• [What to produce] Would you return each entry exactly as written, omitting any pictures?

• [Listed entries]
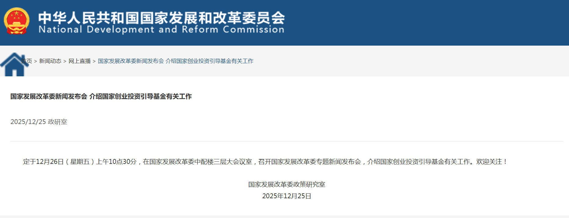 预告:国家发改委12月26日召开新闻发布会 介绍国家创业投资引导基金有关工作
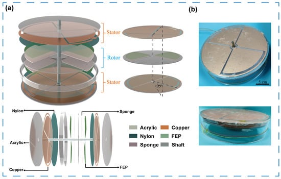 Diagram depicting the structure of the TENG. (a) 3D schematic diagram of the TENG, composed of a rotator and two stators. (b) Photographs of the TENG.
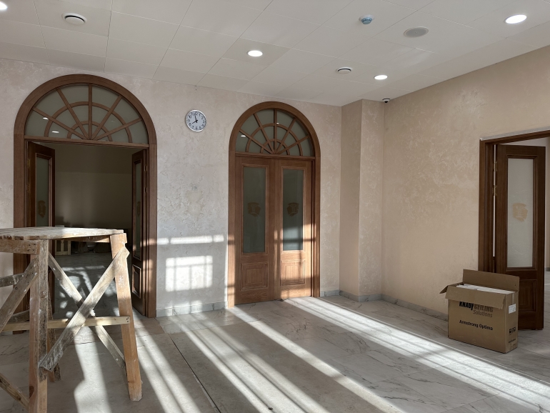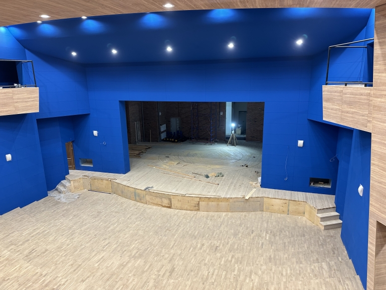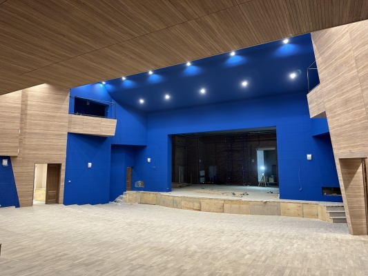 Журналист 73online.ru лично оценил степень готовности будущих залов, гримерных комнат для артистов, пошивочного цеха, студии звукозаписи, холлов и других помещений.
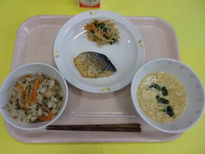 ノルウェーでとれた「さば」を使った七味焼きです。油がのった魚です。磯おこわと組み合わせてみました。かきたま汁に使った青菜は「ほうれん草」、おひたしの青菜は「小松菜」です。食べ比べてみましょう。
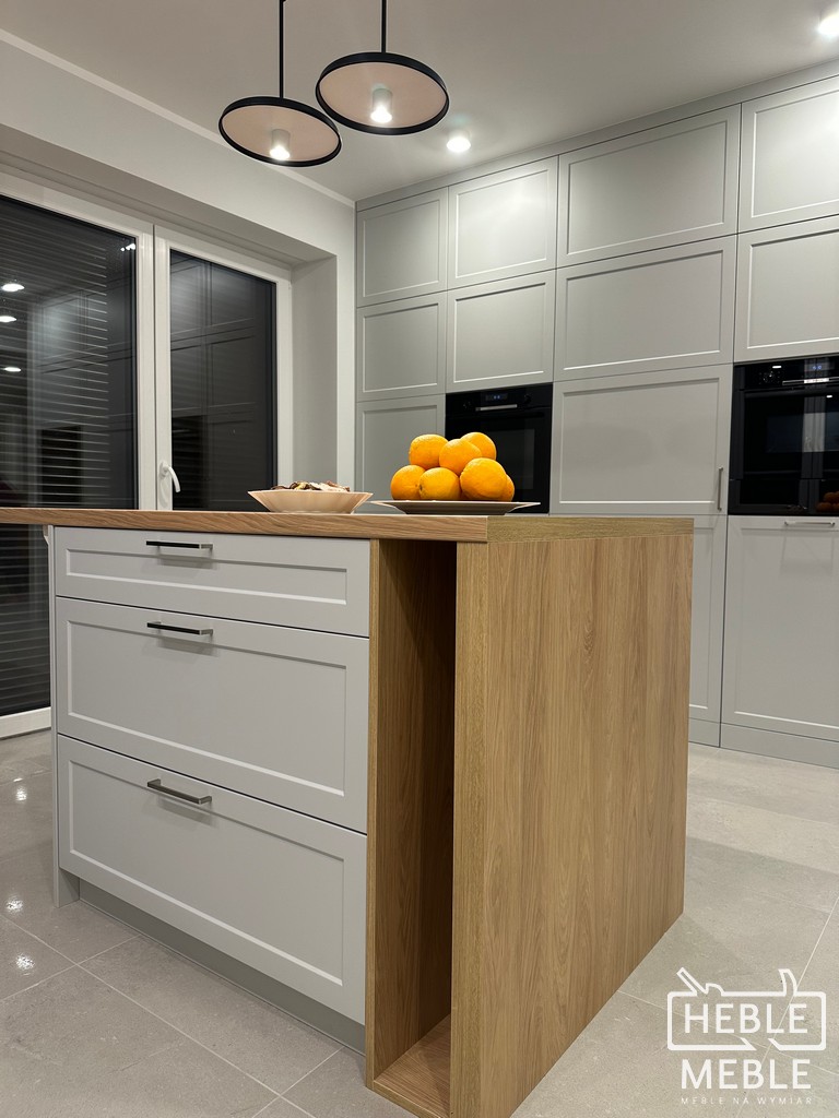 Warto zadbać o dużą ilość blatu roboczego oraz przemyślane przechowywanie. Głębokie szuflady, systemy organizacji wewnętrznej czy zabudowa do sufitu pomagają utrzymać porządek. Im mniej przedmiotów pozostaje na widoku, tym dłużej kuchnia wygląda estetycznie i świeżo.
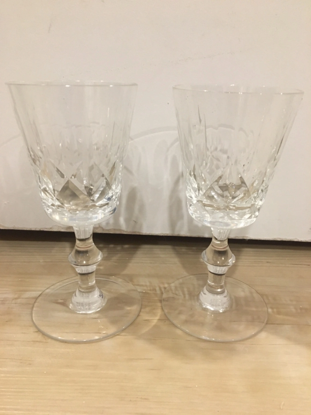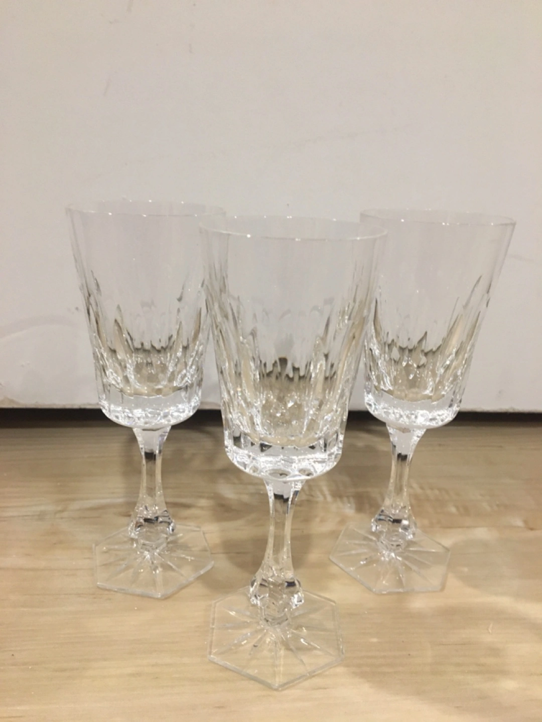 Each glass features intricate diamond and vertical cut patterns on the bowl and a hexagonal base. Perfect for serving wine or other beverages at a dinner party.
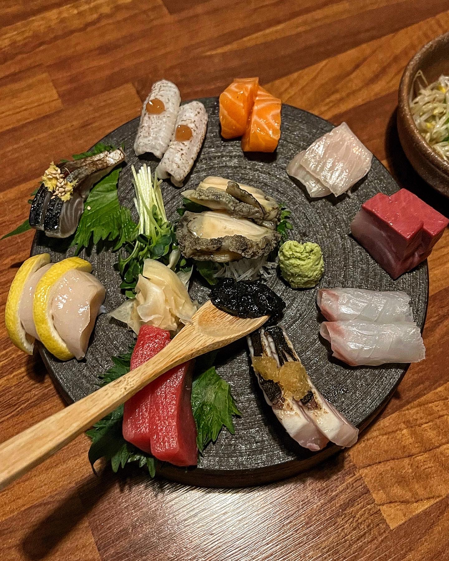 덴 사시미는 빨간 참치, 관자, 고등어초절임, 붕장어, 연어, 광어, 방어, 삼치, 10종을 2피스씩 접시에 담았다.
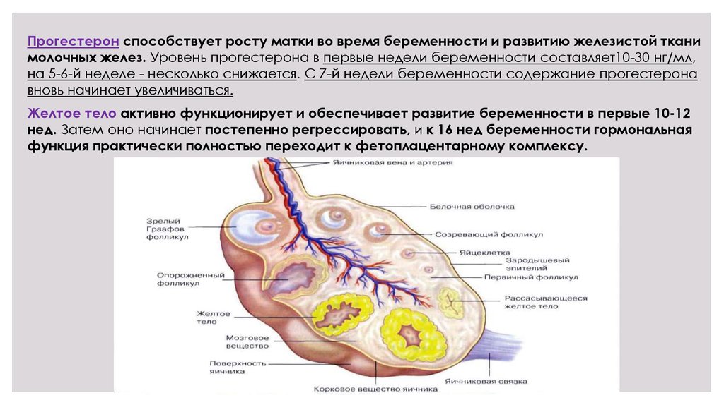 Прогестерон способствует росту матки во время беременности и развитию железистой тканимолочных желез. Уровень прогестерона в первые недели беременности составляет10-30 нг/мл,
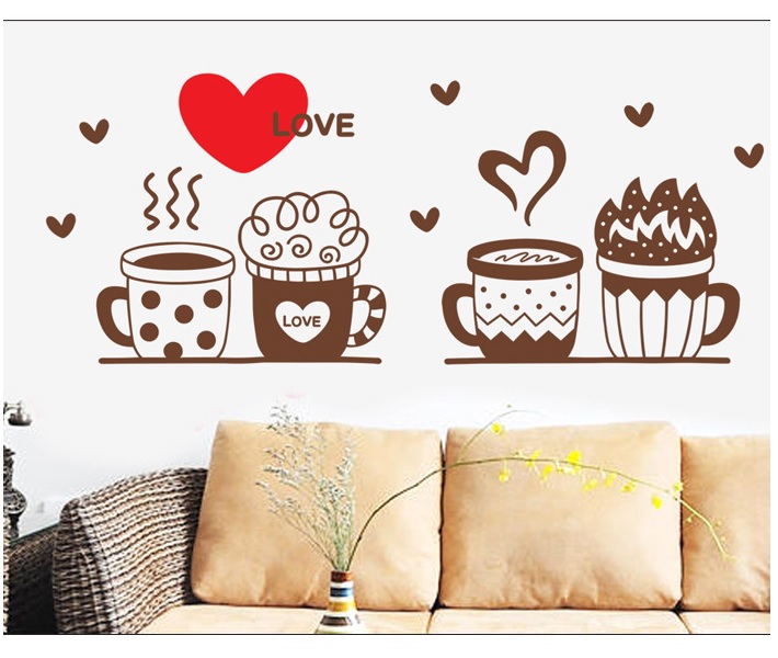 Decal dán tường coffee với hình ảnh độc đáo, cá tính. Decal sẽ mang lại một không gian đầy phong cách cho căn phòng của bạn ! Decal với họa tiết các tách cafe nhỏ gọn,

• [Written answer]
 预告:国家发改委12月26日召开新闻发布会 介绍国家创业投资引导基金有关工作
 Diagram depicting the structure of the TENG. (a) 3D schematic diagram of the TENG, composed of a rotator and two stators. (b) Photographs of the TENG.
 Журналист 73online.ru лично оценил степень готовности будущих залов, гримерных комнат для артистов, пошивочного цеха, студии звукозаписи, холлов и других помещений.
 ノルウェーでとれた「さば」を使った七味焼きです。油がのった魚です。磯おこわと組み合わせてみました。かきたま汁に使った青菜は「ほうれん草」、おひたしの青菜は「小松菜」です。食べ比べてみましょう。
 Warto zadbać o dużą ilość blatu roboczego oraz przemyślane przechowywanie. Głębokie szuflady, systemy organizacji wewnętrznej czy zabudowa do sufitu pomagają utrzymać porządek. Im mniej przedmiotów pozostaje na widoku, tym dłużej kuchnia wygląda estetycznie i świeżo.
 Each glass features intricate diamond and vertical cut patterns on the bowl and a hexagonal base. Perfect for serving wine or other beverages at a dinner party.
 덴 사시미는 빨간 참치, 관자, 고등어초절임, 붕장어, 연어, 광어, 방어, 삼치, 10종을 2피스씩 접시에 담았다.
 Прогестерон способствует росту матки во время беременности и развитию железистой тканимолочных желез. Уровень прогестерона в первые недели беременности составляет10-30 нг/мл,
 Decal dán tường coffee với hình ảnh độc đáo, cá tính. Decal sẽ mang lại một không gian đầy phong cách cho căn phòng của bạn ! Decal với họa tiết các tách cafe nhỏ gọn,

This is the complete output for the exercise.